Но суть не в этом. Кое в чем наш строптивый дедок был прав. Судя по скудным донесениям, прабабка была эгоисткой и сволочью. Когда он приполз умирать в особняк, его сына там уже не было. Бабка его выгнала. Просто взяла и выгнала. Он уехал в деревню, директором в школу. И там спивался. А ей было наплевать. Она свалила все на пролетариев. Прабабка считала, что пролетарии сделали ее мужа алкоголиком. В нашем роду это был первый бабский побег из семьи…
Так, стоп! Секундочку, мне нужно обновить бокальчик. А то я забуробилась. Ищу причины своей глупости в анналах. Все никак не могу признать, что я просто помешалась на сексе и на Лерочке. Ну, да, да, да! Признала.
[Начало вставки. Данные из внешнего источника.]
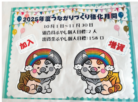
医療生協本部では加入・増資がふえるとぬり絵のようにマスコットに色がつく
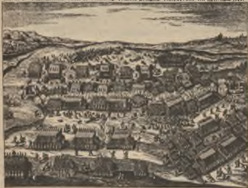
BITVA BĚLOHOR- SKÁ 8. LISTOPADU 1620.
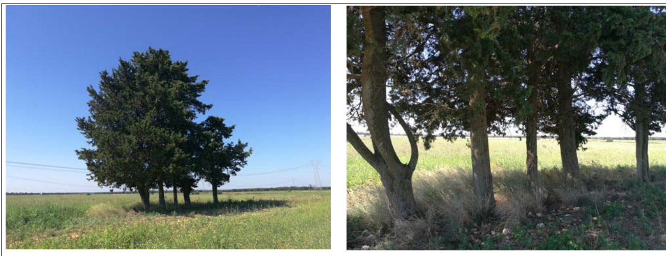
(Alberi di Pino – Campo A)

Sono stati individuati n. 5 alberi di Pino di diversa altezza sul confine delle pc.Ile 124 e 68, all’ingresso del campo A, posti a circa 50,00 m dal confine con la strada vicinale e circa 100,00 m dalla SP 46;
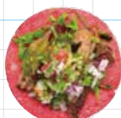
Beef Tongue 350yen 牛タン Slow Cooked Beef Tongue, Salsa Verde
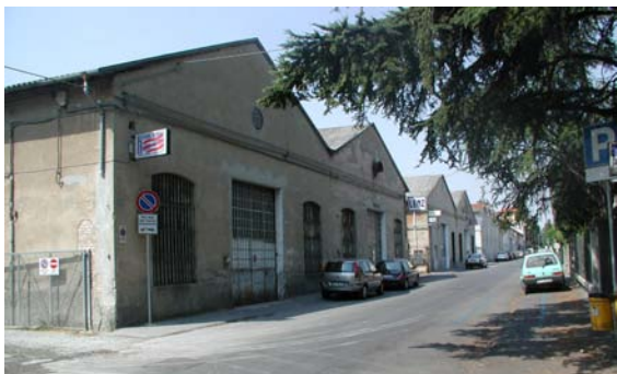
Ex SCEDEP - Prospetto

Il padiglione ex-Manzini in particolare, insieme all'ex-SCEDEP, vuole essere il cuore di questo complesso processo di rinnovamento che investe il comparto e l'area circostante, capace di consentire alla città ed al suo territorio di riappropriarsi di luoghi dimenticati e di diventare promotore di una forte innovazione sociale, culturale ed ambientale.
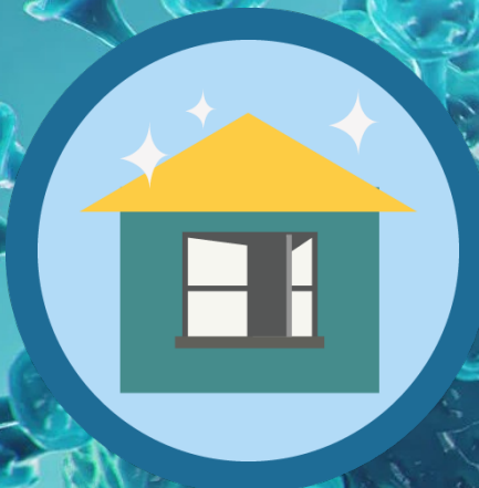
Quedarse en casa

Только еще не поняла – легче мне от этого или нет.
Пятое утро я спешу домой. Еду по окружной и улыбаюсь солнцу, как узник подземелья. Мелькают сосны, колокола звонят, марш играет, истребитель взлетел, и я уже на кухне. Сначала включаю духовку с курицей, потом ноутбук, а потом говорю себе: «Последний разочек. Еще один раз – и все».
Это была чистая брехня. Абсолютное вранье. Потому что всю неделю в десять по Москве я выходила в Сеть, к Лерочке. Потому что еще в машине, еще на светофоре у меня был тепленький живот, и бедра сжимались, и язычок по зубам бегал. Что творится? Я не могла понять. Я никогда не испытывала такого явного физического влечения к мужчине. Тем более к такому, которого ни разу не видела. Смешно! Жуть как смешно – зато никаких комплексов, и можно придумывать все, что хочется. Там же, на светофоре, пока горел красный, я уже знала: сегодня Лера захочет поиграть в «М+Ж+М». Просто вдруг подумала, что именно сегодня, в пятницу, он подсунет мне второго мальчика.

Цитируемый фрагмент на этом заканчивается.